[Opening SOURCE MATERIAL section]

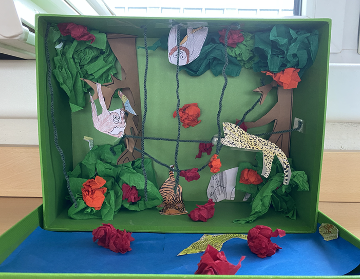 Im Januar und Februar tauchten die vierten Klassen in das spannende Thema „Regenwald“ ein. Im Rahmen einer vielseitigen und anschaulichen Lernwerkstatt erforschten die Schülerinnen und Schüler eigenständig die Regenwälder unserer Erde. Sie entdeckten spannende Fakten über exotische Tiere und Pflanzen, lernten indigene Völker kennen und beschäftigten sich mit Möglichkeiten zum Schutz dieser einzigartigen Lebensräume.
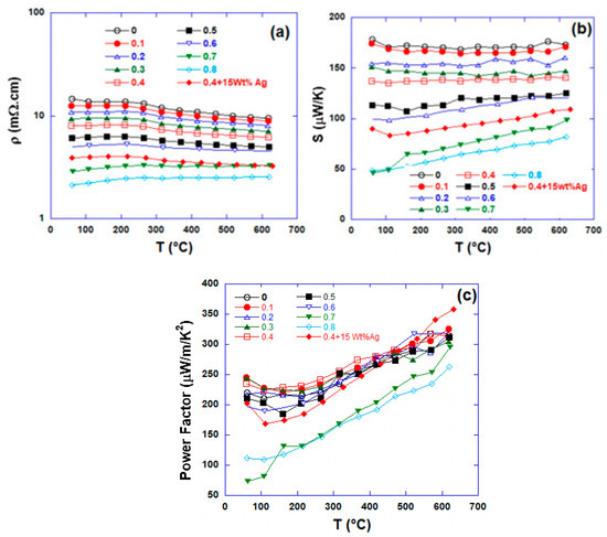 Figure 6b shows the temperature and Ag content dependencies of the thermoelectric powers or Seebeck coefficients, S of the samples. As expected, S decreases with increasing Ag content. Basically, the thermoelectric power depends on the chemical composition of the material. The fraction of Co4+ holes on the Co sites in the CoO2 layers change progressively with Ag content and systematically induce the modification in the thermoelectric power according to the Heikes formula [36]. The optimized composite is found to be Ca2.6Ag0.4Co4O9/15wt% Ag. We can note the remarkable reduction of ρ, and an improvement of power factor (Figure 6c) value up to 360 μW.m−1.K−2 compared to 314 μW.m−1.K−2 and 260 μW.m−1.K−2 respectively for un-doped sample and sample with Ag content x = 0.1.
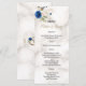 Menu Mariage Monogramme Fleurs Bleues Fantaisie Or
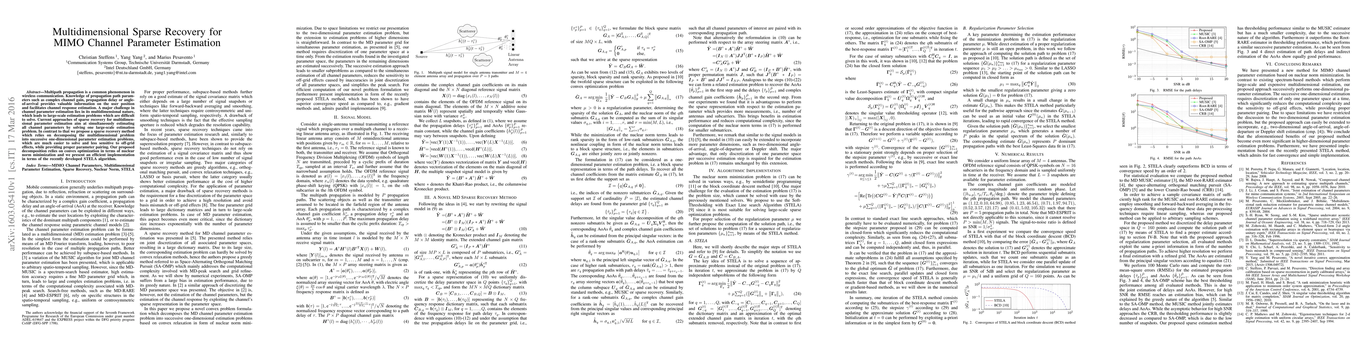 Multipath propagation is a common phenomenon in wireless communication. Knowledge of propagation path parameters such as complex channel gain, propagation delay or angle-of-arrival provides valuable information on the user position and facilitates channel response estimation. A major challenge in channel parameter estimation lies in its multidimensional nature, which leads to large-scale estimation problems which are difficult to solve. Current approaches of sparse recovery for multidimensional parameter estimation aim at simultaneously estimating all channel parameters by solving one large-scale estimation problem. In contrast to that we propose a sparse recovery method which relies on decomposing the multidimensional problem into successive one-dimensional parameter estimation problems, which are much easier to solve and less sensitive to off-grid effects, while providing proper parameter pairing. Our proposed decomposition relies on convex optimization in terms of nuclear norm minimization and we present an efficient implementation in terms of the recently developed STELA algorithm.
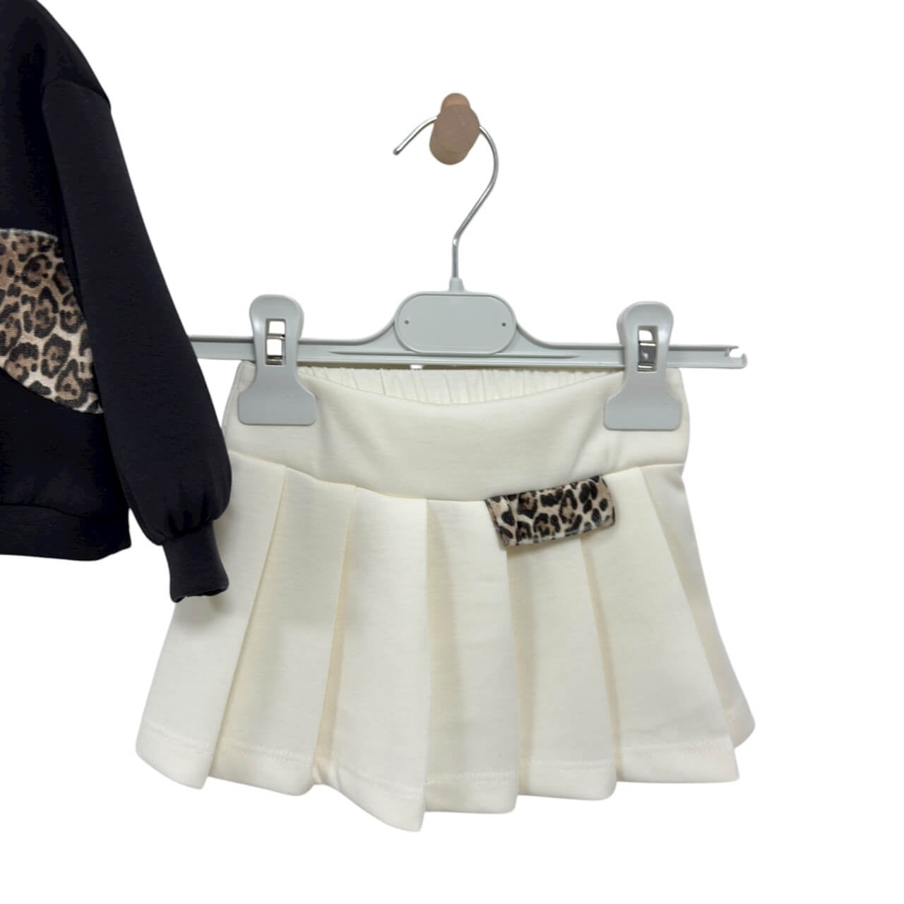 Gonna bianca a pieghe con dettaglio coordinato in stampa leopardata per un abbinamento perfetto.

[Closing SOURCE MATERIAL section]

THE PROBLEM: Every line above is to be duplicated exactly; no picture should be carried over.

OUTPUT OF THE TASK:
 Im Januar und Februar tauchten die vierten Klassen in das spannende Thema „Regenwald“ ein. Im Rahmen einer vielseitigen und anschaulichen Lernwerkstatt erforschten die Schülerinnen und Schüler eigenständig die Regenwälder unserer Erde. Sie entdeckten spannende Fakten über exotische Tiere und Pflanzen, lernten indigene Völker kennen und beschäftigten sich mit Möglichkeiten zum Schutz dieser einzigartigen Lebensräume.
 Figure 6b shows the temperature and Ag content dependencies of the thermoelectric powers or Seebeck coefficients, S of the samples. As expected, S decreases with increasing Ag content. Basically, the thermoelectric power depends on the chemical composition of the material. The fraction of Co4+ holes on the Co sites in the CoO2 layers change progressively with Ag content and systematically induce the modification in the thermoelectric power according to the Heikes formula [36]. The optimized composite is found to be Ca2.6Ag0.4Co4O9/15wt% Ag. We can note the remarkable reduction of ρ, and an improvement of power factor (Figure 6c) value up to 360 μW.m−1.K−2 compared to 314 μW.m−1.K−2 and 260 μW.m−1.K−2 respectively for un-doped sample and sample with Ag content x = 0.1.
 Menu Mariage Monogramme Fleurs Bleues Fantaisie Or
 Multipath propagation is a common phenomenon in wireless communication. Knowledge of propagation path parameters such as complex channel gain, propagation delay or angle-of-arrival provides valuable information on the user position and facilitates channel response estimation. A major challenge in channel parameter estimation lies in its multidimensional nature, which leads to large-scale estimation problems which are difficult to solve. Current approaches of sparse recovery for multidimensional parameter estimation aim at simultaneously estimating all channel parameters by solving one large-scale estimation problem. In contrast to that we propose a sparse recovery method which relies on decomposing the multidimensional problem into successive one-dimensional parameter estimation problems, which are much easier to solve and less sensitive to off-grid effects, while providing proper parameter pairing. Our proposed decomposition relies on convex optimization in terms of nuclear norm minimization and we present an efficient implementation in terms of the recently developed STELA algorithm.
 Gonna bianca a pieghe con dettaglio coordinato in stampa leopardata per un abbinamento perfetto.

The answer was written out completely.